Sep 06 14:13:16 twifty-lynx audit[1]: SERVICE_STOP pid=1 uid=0 auid=4294967295 ses=4294967295 msg='unit=NetworkManager-dispatcher comm="systemd" exe="/usr/lib/systemd/systemd" hostname=? addr=? terminal=? res=success'
Sep 06 14:13:16 twifty-lynx kernel: audit: type=1131 audit(1567750396.273:86): pid=1 uid=0 auid=4294967295 ses=4294967295 msg='unit=NetworkManager-dispatcher comm="systemd" exe="/usr/lib/systemd/systemd" hostname=? addr=? ter>
Sep 06 14:13:19 twifty-lynx kernel: [drm:amdgpu_job_timedout [amdgpu]] *ERROR* ring sdma0 timeout, signaled seq=658084, emitted seq=658086
Sep 06 14:13:19 twifty-lynx kernel: [drm:amdgpu_job_timedout [amdgpu]] *ERROR* Process information: process gnome-shell pid 1314 thread gnome-shel:cs0 pid 1320
Sep 06 14:13:19 twifty-lynx kernel: [drm] GPU recovery disabled.

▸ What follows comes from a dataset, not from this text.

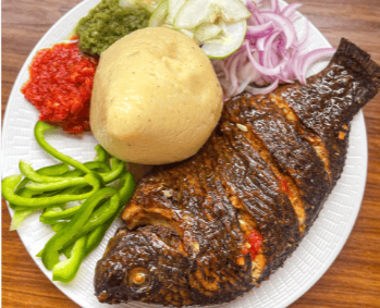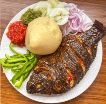 Cooked corn and cassava dough with grilled tilapia and green pepper sauce. | 200czk | prepared on Tuesdays
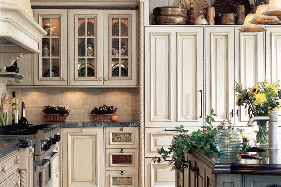 В интерьере кухни стиль отличается деревянной отделкой, раритетной или состаренной мебелью, присутствием цветов. Кухню в стиле прованс украшают букеты, изображения цветов на картинах, неброские цветочные узоры на стенах и фасадах мебели.

Sep 06 14:13:24 twifty-lynx org.gnome.Shell.desktop[1314]: amdgpu: The CS has been rejected, see dmesg for more information (-16).
Sep 06 14:13:24 twifty-lynx kernel: Move buffer fallback to memcpy unavailable
Sep 06 14:13:24 twifty-lynx kernel: [drm:amdgpu_cs_ioctl [amdgpu]] *ERROR* amdgpu_vm_validate_pt_bos() failed.
Sep 06 14:13:24 twifty-lynx kernel: [drm:amdgpu_cs_ioctl [amdgpu]] *ERROR* Failed to process the buffer list -16!
Sep 06 14:13:30 twifty-lynx NetworkManager[739]: <info>  [1567750410.0778] manager: NetworkManager state is now CONNECTED_SITE
Sep 06 14:13:30 twifty-lynx dbus-daemon[737]: [system] Activating via systemd: service name='org.freedesktop.nm_dispatcher' unit='dbus-org.freedesktop.nm-dispatcher.service' requested by ':1.3' (uid=0 pid=739 comm="/usr/bin/N>
Sep 06 14:13:30 twifty-lynx systemd[1]: Starting Network Manager Script Dispatcher Service...
Sep 06 14:13:30 twifty-lynx dbus-daemon[737]: [system] Successfully activated service 'org.freedesktop.nm_dispatcher'
Sep 06 14:13:30 twifty-lynx systemd[1]: Started Network Manager Script Dispatcher Service.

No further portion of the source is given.